НОННА МОРДЮКОВА: "У МЕНЯ ПЛОХОЙ ХАРАКТЕР? БРЕШУТ!.."

Казачка Мордюкова — само олицетворение «простого народа»: Глафир, Степанид и Матрен, хрестоматийный пример национального характера

Ее последний фильм ожидали с великим нетерпением — наша мировая звезда давно не появлялась в главных ролях. А посмотрели — разочаровались: мол, не та Мордюкова, не «мордюковская». Героиню картины, символически названной «Мама», большинство критиков расценили как воплощение образа Родины-матери, жестокой, властной и слепой в своей любви, готовой задушить в жарких объятиях. А как же можно любить такую маму?! Однако родителей не выбирают...
Самой Нонне Викторовне фильм по душе, и ни о чем другом она говорить не хочет. А если идет на разговор, то далеко не с каждым. «Лошадь мечтает о конюшне, а актер об уединении», — говорит Мордюкова, и всем или почти всем интервьюерам — от ворот поворот. Помню, на одном кинофестивале подскочила к ней амазонка с телекамерой: «Вы у нас первая по плану!» Думала, обрадует. «По какому плану? — вскинула брови Мордюкова. — Я вас не планировала!»

Фото 1

— Да не люблю, когда на лестнице хватают за лацканы пиджака и — «Каковы ваши планы на будущее?» Ну и как тут быть?.. Грубых слов нельзя сказать, я и не говорю. И потом, они думают: вот сейчас зададут ТАКОЙ вопрос, такой, что попадают все в окна!.. Да одно и то же спрашивают! Сорок лет! Ну и зачем мне на лестничной клетке клясться, как я люблю кино!
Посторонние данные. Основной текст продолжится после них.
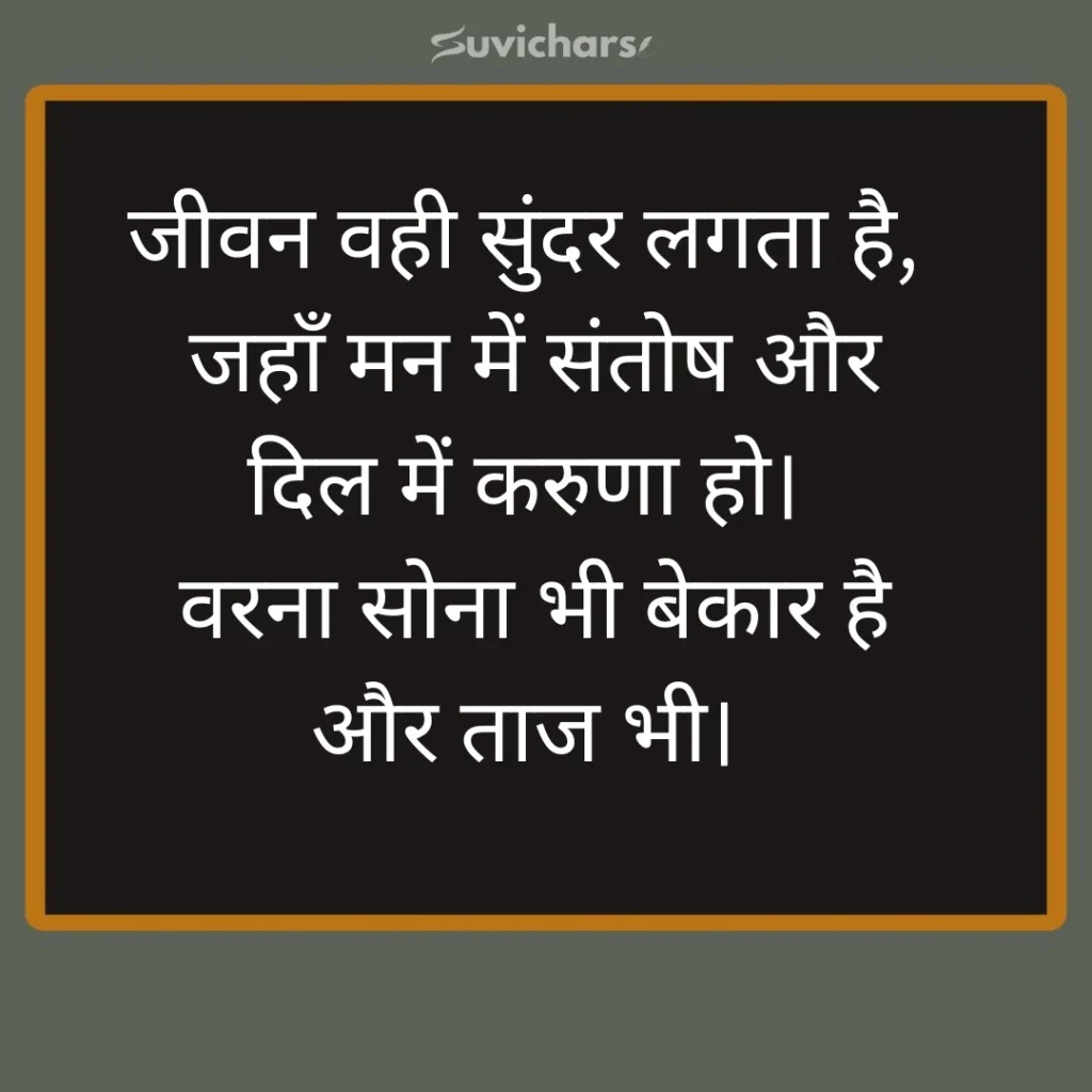 जीवन वही सुंदर लगता है,जहाँ मन में संतोष और दिल में करुणा हो।वरना सोना भी बेकार है और ताज भी।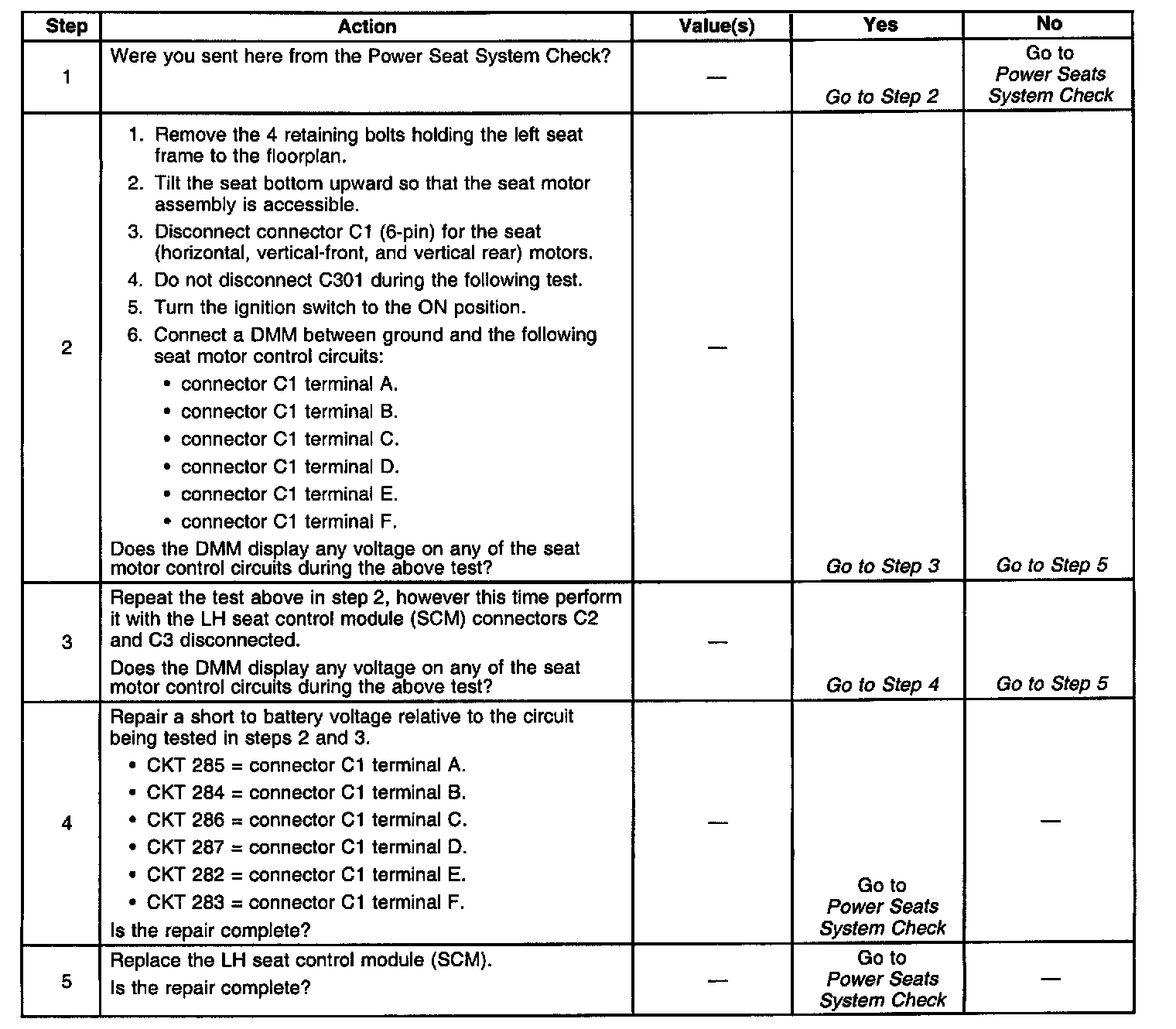 ^ The SCM detects voltage present in the rear vertical, front vertical, or horizontal seat motor control circuits during an idle state.

— И все же, простите за банальность, Нонна Викторовна, а ведь этот вопрос погорячее прочих. С него и начну: планы строите?

— Я честно вам скажу: я, может, и не буду больше сниматься.

— Как же так?!

— Я этих бабок в упор играть не хочу! Вот честное слово, не хочу! А возраст, он же придерживает — все равно надо бабку играть. Я избалована другими ролями — когда в меня влюбляются, ищут, преследуют, ловят... Когда прекрасный грим, прекрасная одежда, прекрасная песня. Прекрасная женщина. И теперь, когда седовласую мамульку сыграла... Да пошла она! Всему бывает предел.

— Вы недовольны ролью в «Маме»?

— Вы что! Я нежно отношусь к этой картине... Я после «Родни» восемнадцать лет не снималась. У меня отвращение вызывало, когда чернуху всякую предлагали. То тетку в тельняшке и с трубкой в руке, которая наливала водки в залапанный стакан девочке лет тринадцати, а потом загоняла ее под дядьку-тракториста. Да неужели я буду играть такую грязь?! Ничего, пускай меня люди запомнят такой, какой я была в тех картинах.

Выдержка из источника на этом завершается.